== Segment start ==

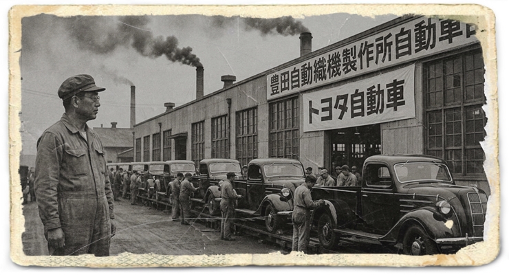 1930년대 토요타 공장 전경과 창업자 토요다 기이치로의 흑백 사진
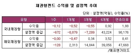 이에 따라 자금 이탈이 가파르다. 연 초 이후 시중 자금을 무섭게 빨아들이면서 설정액이 9조 8176억원 늘어났지만 최근 3개월을 기준으로 자산은 순유출세로 접어들었다. 최근 한 달 동안에만 설정액은 8879억원 줄었다. 순유입세를 유지하던 해외채권형 펀드에서도 최근 일주일만에 순유출세로 전환, 설정액이 128억원 줄어들었다.
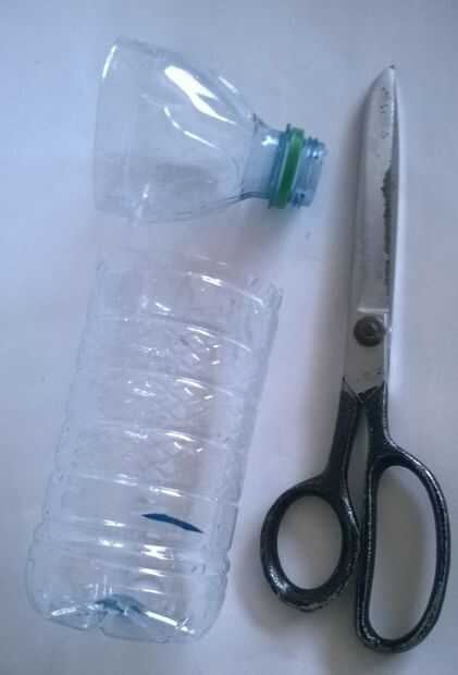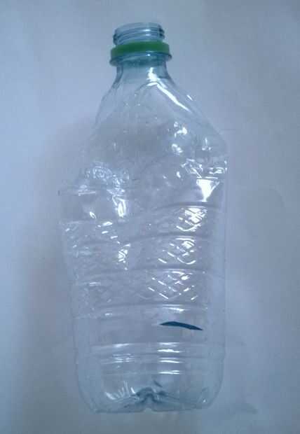 Aplastar la botella plana cerca de la cima así que usted puede cortar la parte superior. Puede descartar la parte superior o mantenerlo como un embudo.
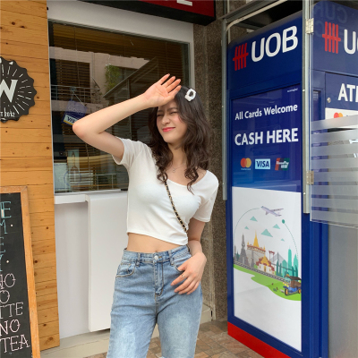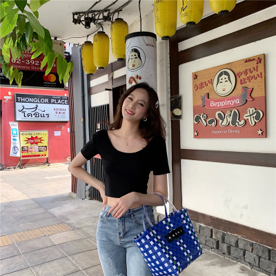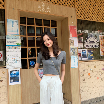 Real price slim U-neck open back short sleeve T-shirt women's short open belly top

== Segment end ==

**What the task requires**
Go to the line containing "이에 따라 자금 이탈이", then write out word for word every line from there to the end of the listing. Keep both end lines and drop the pictures.

**The answer**
 이에 따라 자금 이탈이 가파르다. 연 초 이후 시중 자금을 무섭게 빨아들이면서 설정액이 9조 8176억원 늘어났지만 최근 3개월을 기준으로 자산은 순유출세로 접어들었다. 최근 한 달 동안에만 설정액은 8879억원 줄었다. 순유입세를 유지하던 해외채권형 펀드에서도 최근 일주일만에 순유출세로 전환, 설정액이 128억원 줄어들었다.
 Aplastar la botella plana cerca de la cima así que usted puede cortar la parte superior. Puede descartar la parte superior o mantenerlo como un embudo.
 Real price slim U-neck open back short sleeve T-shirt women's short open belly top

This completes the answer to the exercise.